OpenAccess AI Collective (axolotl) Discord Summary

  • Topics around Adding Tokens and Initial Loss, touched upon by @noobmaster29 and @nanobitz, sparking discussion regarding training models and handling high initial loss.
  • Addressing a Dataset Cache Issue, users @mihai4256, @noobmaster29, and @nanobitz attempted to troubleshoot dataset reloading and cleaning up cache, without resolution.
  • Discussion into Transformer Expert’s TopK Parameter led by @nafnlaus00 and @nanobitz, offering insights into Torch’s topk functionality and potential alterations.
  • Several Development Issues and Solutions such as pre-commit action problems and Alternatives namely, the usage of Pre-Commit.CI, were delivered by @tmm1 and @le_mess.
  • Query regarding DPO Readiness for testing modals broadcasted by @faldore.
  • Exploring EOS Token Replacement in scripts, a concern flagged by @faldore.
  • Challenges encountered while Generating Data with Local Model shared by @fred.bliss, seeking advice on creating similar pairings to original material.
  • @natefyi_30842 initiated an inquiry about the comparison between Internet and Books as Training Data Sources for Language Learning Models (LLMs).
  • A helpful Installation Command for libopenmpi-dev and mpi4py offered by @mr_morning, which proved useful to @q0d..

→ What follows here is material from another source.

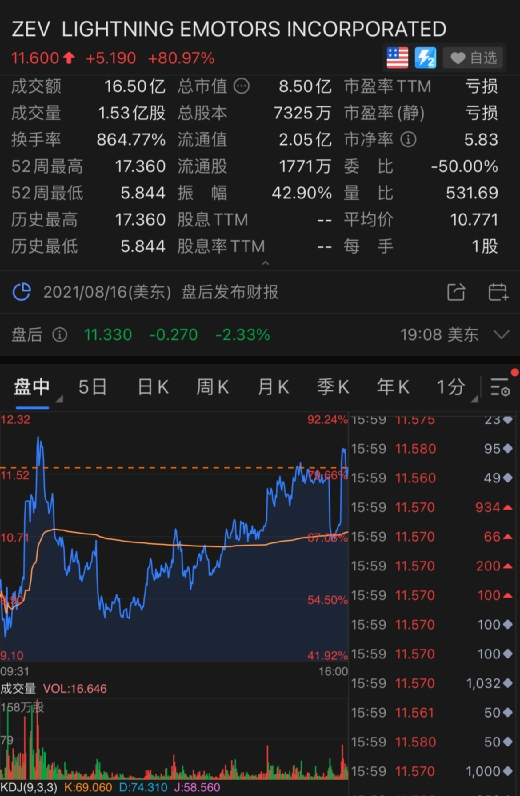 此消息一出,Lightning eMotors立马大涨,盘中一度涨近90%,收盘涨幅达80.97%,创正式上市以来新高。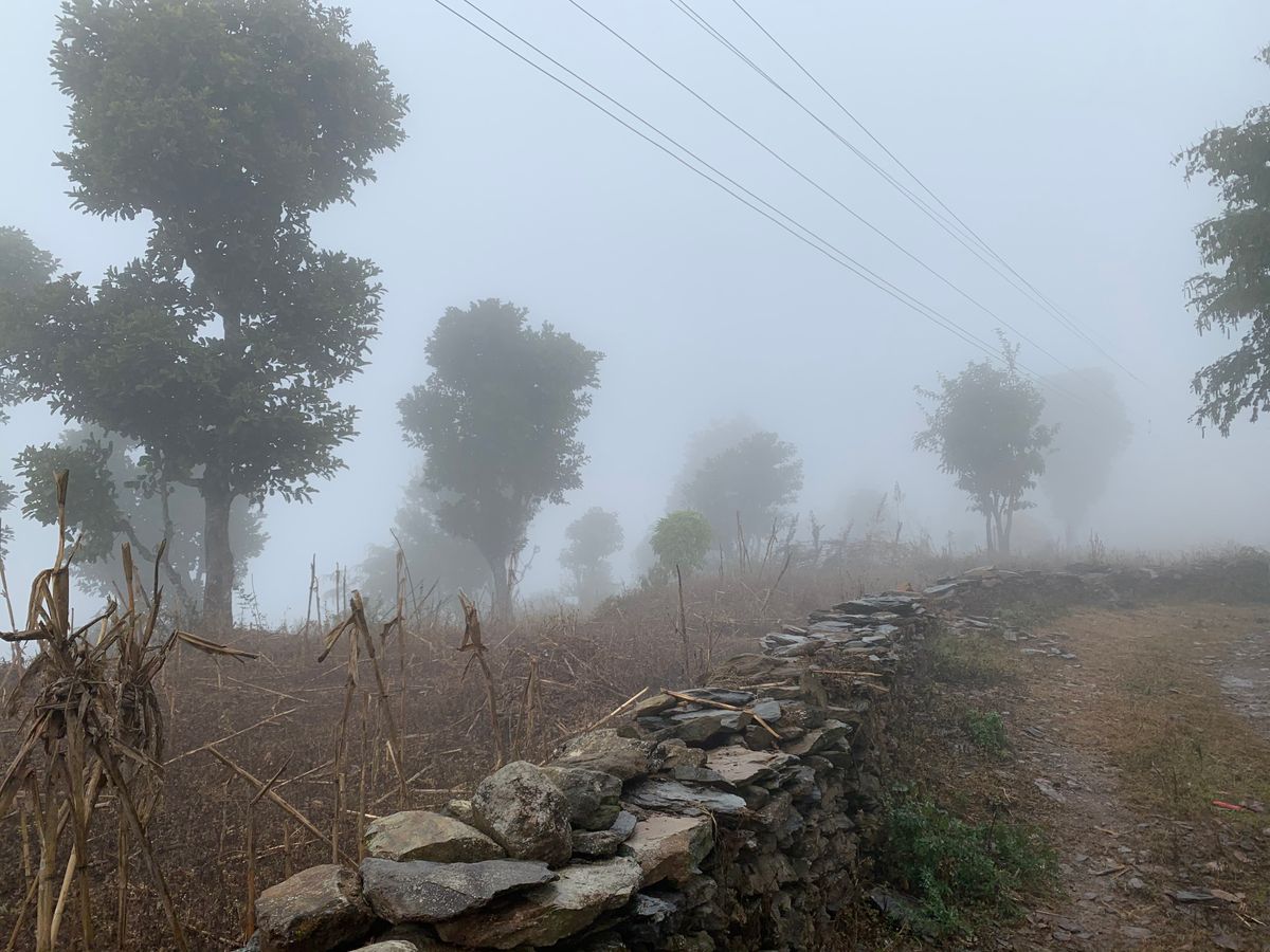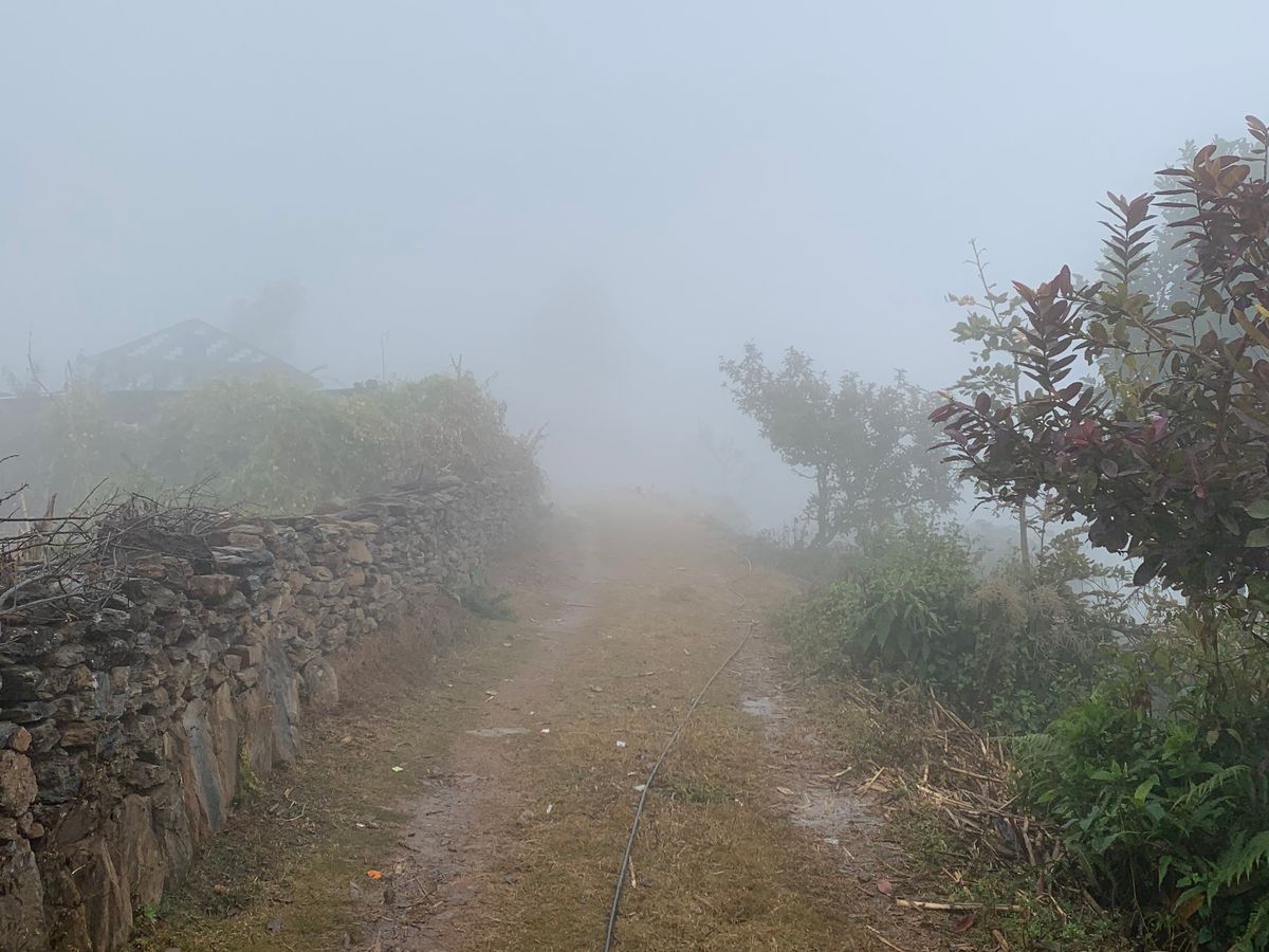 辿り着いたクンプル村は午後だというのになんと霧の中。

OpenAccess AI Collective (axolotl) Channel Summaries

▷ #general (24 messagesđŸ”„):

  • Adding Tokens and Initial Loss: @noobmaster29 started training a model with an extra 15k tokens and noticed a high initial loss. @nanobitz suggested that this is normal, especially for completion datasets, and advised to let the training run for a bit to see if the loss decreases.
  • Dataset Cache Issue: @mihai4256 encountered a caching issue when trying to reload a dataset for the purpose of debugging. @noobmaster29 suggested deleting the HuggingFace dataset folder to clear the cache, while @nanobitz pointed out that the latest version should not load the tokenized dataset from cache if the relevant key is set to None. The issue remained unresolved.
  • TopK Parameter of Transformer Experts: @nafnlaus00 provided clarification on the torch.topk function used in the Transformer Experts, explaining its indifference to the number of experts and the number of experts used at once. This led to a discussion with @nanobitz about the possibility and implications of increasing the top_k parameter.
  • Resources Shared: @noobmaster29 shared a link to a paper on ArXiv, though the context or relevance of the paper was not mentioned in the messages.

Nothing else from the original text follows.